▶ _Exercise data_
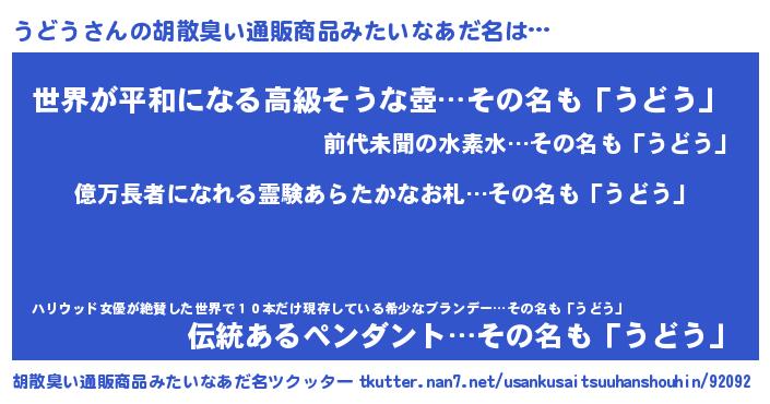 | 2回繰り返すあだ名 | 『うどうど』『とげとげ』『ううどど』 |
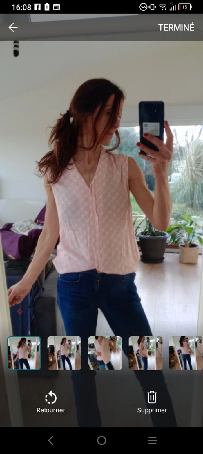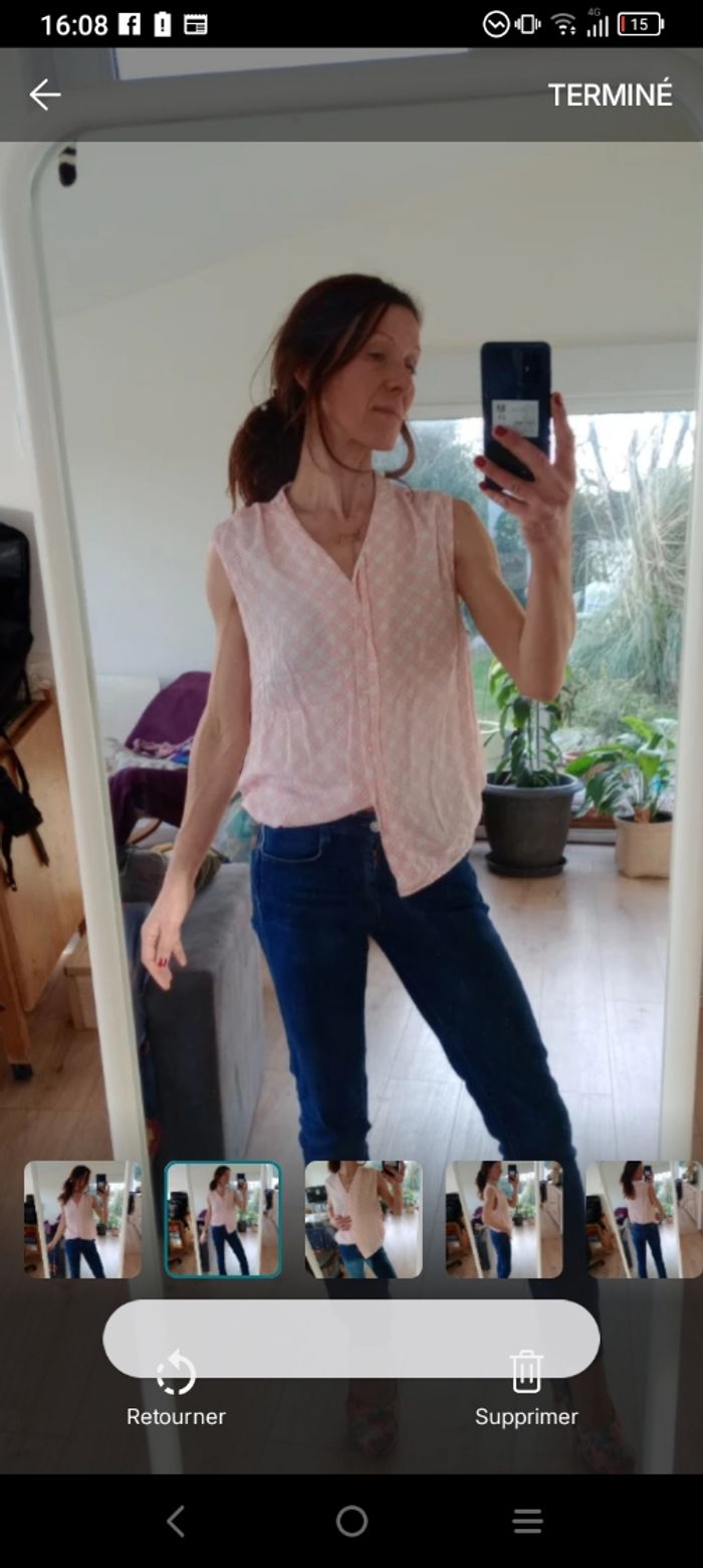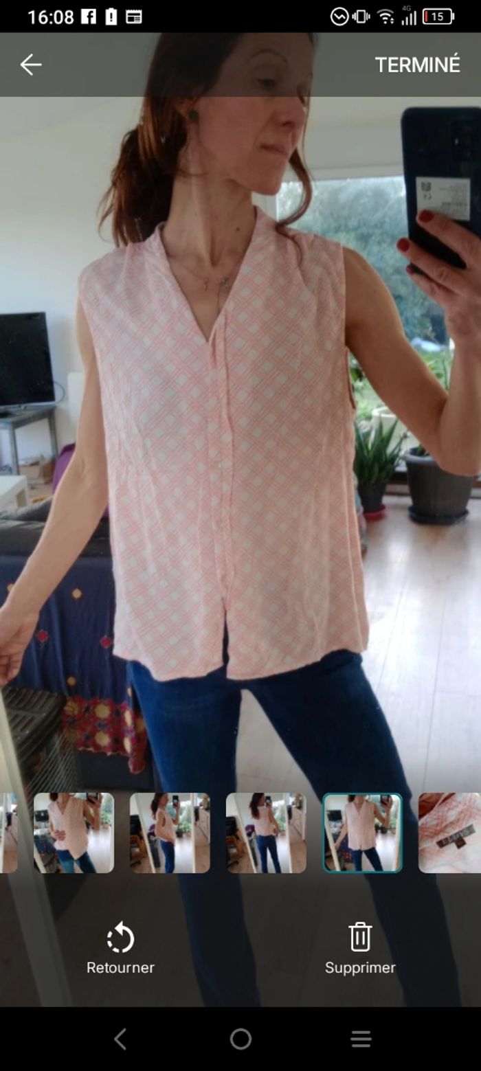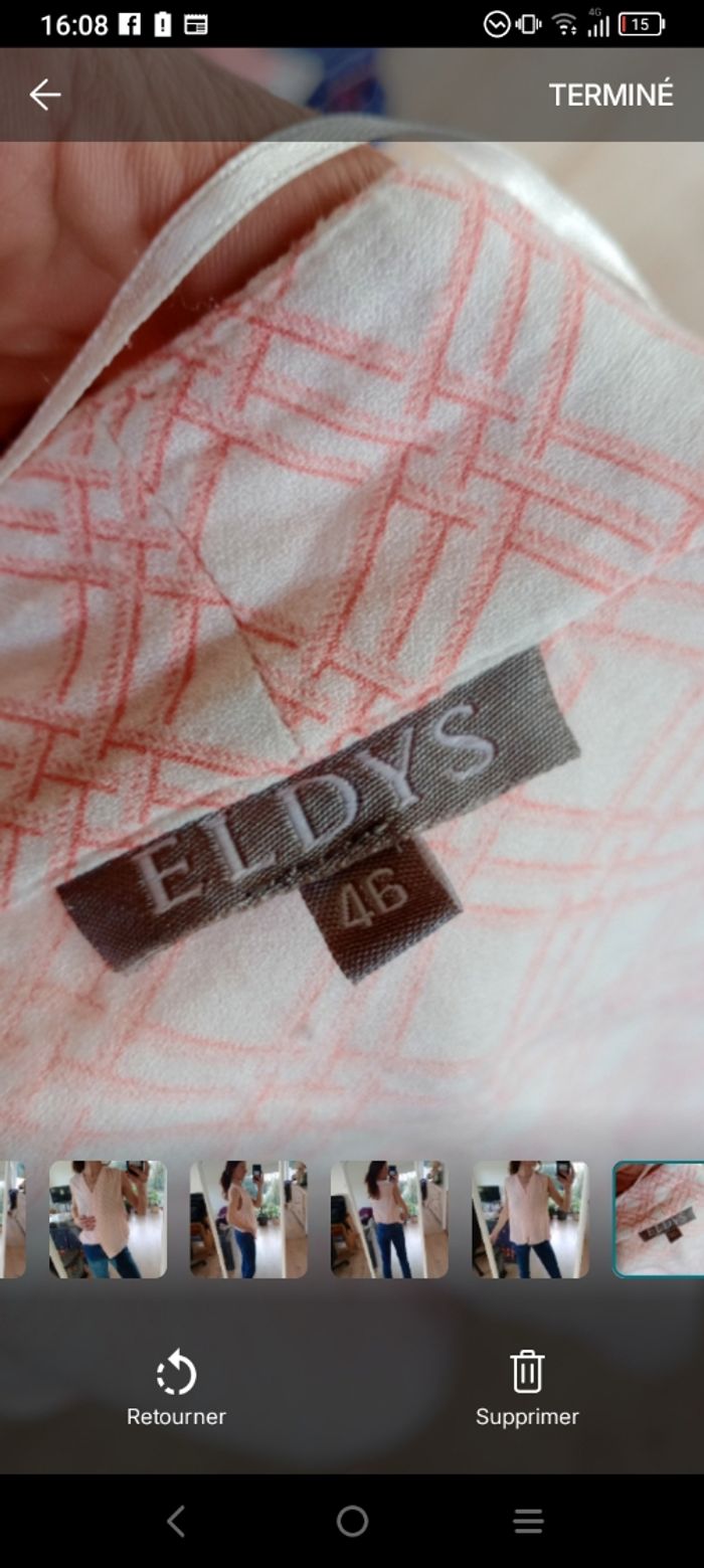 Joli chemisier sans manches sans col de la marque Eldys, idéal pour une tenue légère et estivale. Il présente un motif géométrique quadrillé dans les tons rose et blanc. ​Coupe : Fluide, sans manches, avec une encolure en V ​Détails : Boutonnage discret sur le devant avec rabat cache bouton Manque un bouton voir dernière photo.. on peut faire ça 😉 ​ ​Parfait pour porter avec un jean ou un pantalon blanc pour un look frais. Longueur 64 cm épaule 40 cm #calomomi_femme46 ​#eldys #chemisierfemme #taille46 #hautfemme #modefemme #chemisierrose #ete #tenueleger #femme46 #lookete
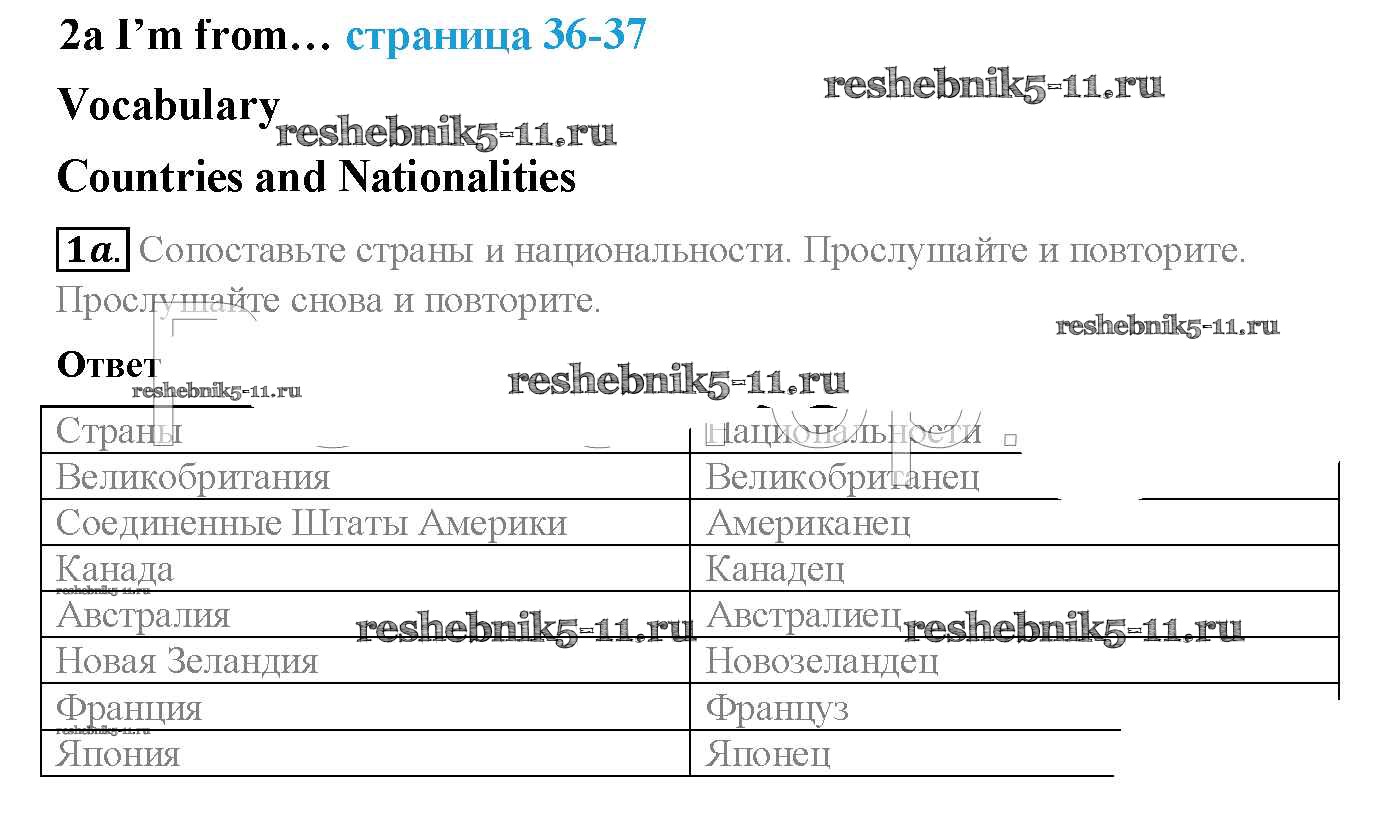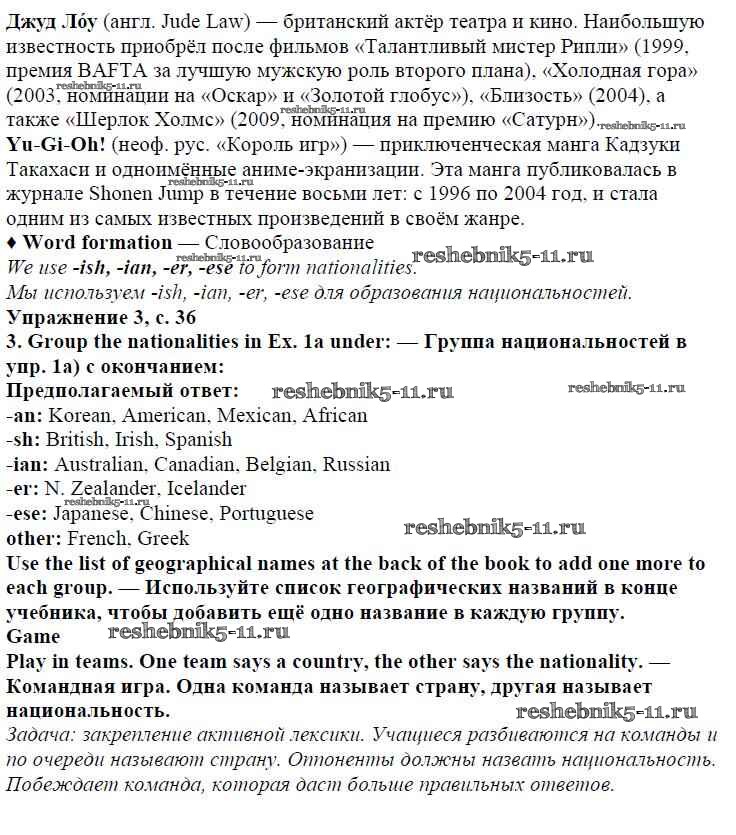 Готовая домашняя работа с ответами по Английскому языку за 5 класс Ваулина, Дули, Подоляко, Эванск Учебник Spotlight Просвещение 2015 ФГОС - Module 2. That`s me! стр. 36

▶ _What the task requires_
What the reply must contain is an exact transcription of the data above and none of its pictures.

▶ _Response to this task_
 | 2回繰り返すあだ名 | 『うどうど』『とげとげ』『ううどど』 |
 Joli chemisier sans manches sans col de la marque Eldys, idéal pour une tenue légère et estivale. Il présente un motif géométrique quadrillé dans les tons rose et blanc. ​Coupe : Fluide, sans manches, avec une encolure en V ​Détails : Boutonnage discret sur le devant avec rabat cache bouton Manque un bouton voir dernière photo.. on peut faire ça 😉 ​ ​Parfait pour porter avec un jean ou un pantalon blanc pour un look frais. Longueur 64 cm épaule 40 cm #calomomi_femme46 ​#eldys #chemisierfemme #taille46 #hautfemme #modefemme #chemisierrose #ete #tenueleger #femme46 #lookete
 Готовая домашняя работа с ответами по Английскому языку за 5 класс Ваулина, Дули, Подоляко, Эванск Учебник Spotlight Просвещение 2015 ФГОС - Module 2. That`s me! стр. 36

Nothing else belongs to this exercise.